The bacterium Streptococcus pneumoniae, commonly known as pneumococcus, is a frequent human pathogen that causes illnesses, including pneumonia, meningitis, and middle ear infections. Classification relies heavily on its reaction when grown on a specialized medium containing blood. This reaction, known as hemolysis, provides an initial, observable characteristic that helps microbiologists categorize the species. S. pneumoniae is definitively alpha hemolytic, but this observation is only the first step in positive identification.
Defining Hemolysis The Basis for Classification
Hemolysis is a method used in microbiology to classify bacteria, particularly those in the genus Streptococcus. The process involves culturing the bacteria on a blood agar plate, a nutrient medium enriched with five percent sheep or horse blood. Bacterial enzymes called hemolysins interact with the red blood cells, and the resulting reaction is categorized into three distinct types.
Alpha hemolysis is the partial breakdown of red blood cells, resulting in a greenish discoloration of the agar surrounding the colonies. This color change is an incomplete or “green” hemolysis, not a true clearing of the blood. Beta hemolysis represents the complete destruction of red blood cells, creating a clear, transparent zone around the colonies.
Gamma hemolysis describes the absence of any hemolytic activity, where the bacteria grow with no visible change or discoloration to the surrounding medium. These reactions serve as a rapid, observable tool to place unknown bacteria into broad groups. However, the alpha-hemolytic category contains multiple species, making further testing necessary for precise identification.
The Alpha Hemolysis of Streptococcus pneumoniae
Streptococcus pneumoniae is classified as an alpha-hemolytic organism because it produces a greenish halo around its colonies on blood agar plates. This color results from the bacteria’s metabolic activity, which causes a chemical change to the hemoglobin inside the red blood cells. The organism produces hydrogen peroxide as a byproduct of its metabolism in the presence of oxygen.
Hydrogen peroxide acts as an oxidizing agent, converting the red oxyhemoglobin into a greenish-brown compound called methemoglobin. This oxidation is the mechanism behind the incomplete hemolysis seen with S. pneumoniae, rather than the complete structural breakdown of the red blood cell. The visual result is a zone of greening, indicating the partial effect on the blood components.

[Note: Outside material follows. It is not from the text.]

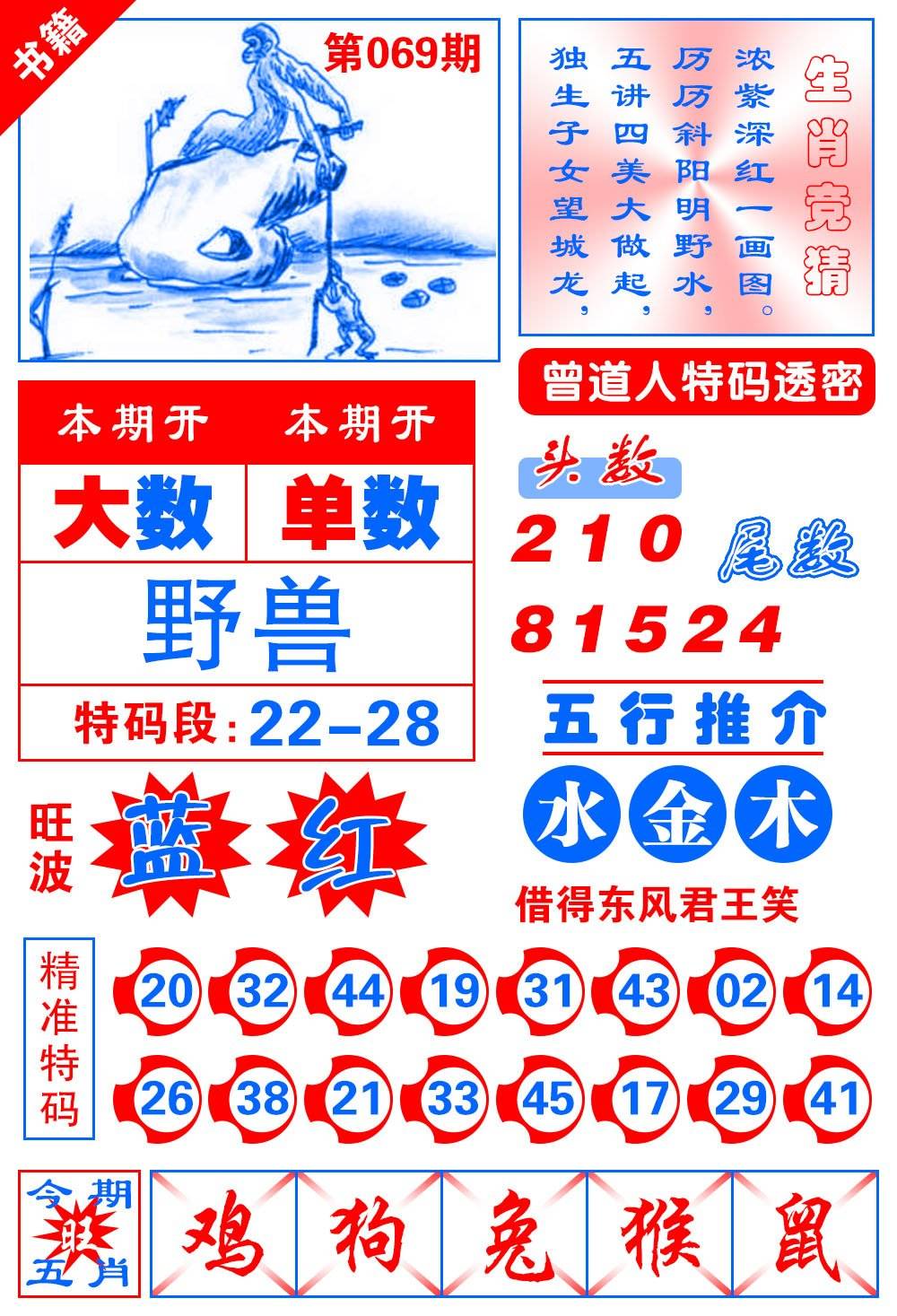 | 069期四肖:牛鸡马猴 |

When grown for an extended period, S. pneumoniae colonies often display a specific physical trait known as the “draughtsman” or “carrom coin” morphology. Initially, the colonies appear small and dome-shaped, but as the culture ages, they begin to flatten in the center. This central collapse is due to the activation of the bacterium’s own autolytic enzymes, which break down the bacterial cells themselves.
Key Tests for Positive Identification
Alpha hemolysis is insufficient for definitive identification because other common, often non-pathogenic bacteria like the Viridans group streptococci, also exhibit this reaction. Clinical microbiology laboratories rely on two additional biochemical tests to differentiate pathogenic S. pneumoniae from these other alpha-hemolytic organisms. The first is the Optochin sensitivity test, which utilizes the chemical ethylhydrocupreine hydrochloride.
S. pneumoniae is susceptible to Optochin, which causes the bacterial cell to lyse due to changes in surface tension. The test involves placing an Optochin-impregnated disk onto the inoculated blood agar plate. If the organism is S. pneumoniae, a clear zone of inhibition—a space where the bacteria cannot grow—will appear around the disk after incubation.
A zone of 14 millimeters or greater around a 6-millimeter disk is considered a positive result, confirming sensitivity. The second confirmatory test is the bile solubility test, which takes advantage of the organism’s autolytic enzyme system.
When exposed to bile salts, such as sodium deoxycholate, the autolytic enzymes of S. pneumoniae are rapidly activated, leading to the dissolution of the bacterial cells. A positive result is observed when a suspension of the bacteria becomes visibly clear after the addition of the bile salt solution. Other alpha-hemolytic streptococci lack this accelerated autolytic response and remain insoluble.
Together, a positive alpha-hemolysis reaction combined with susceptibility to Optochin and solubility in bile provides the necessary evidence to confirm the presence of Streptococcus pneumoniae.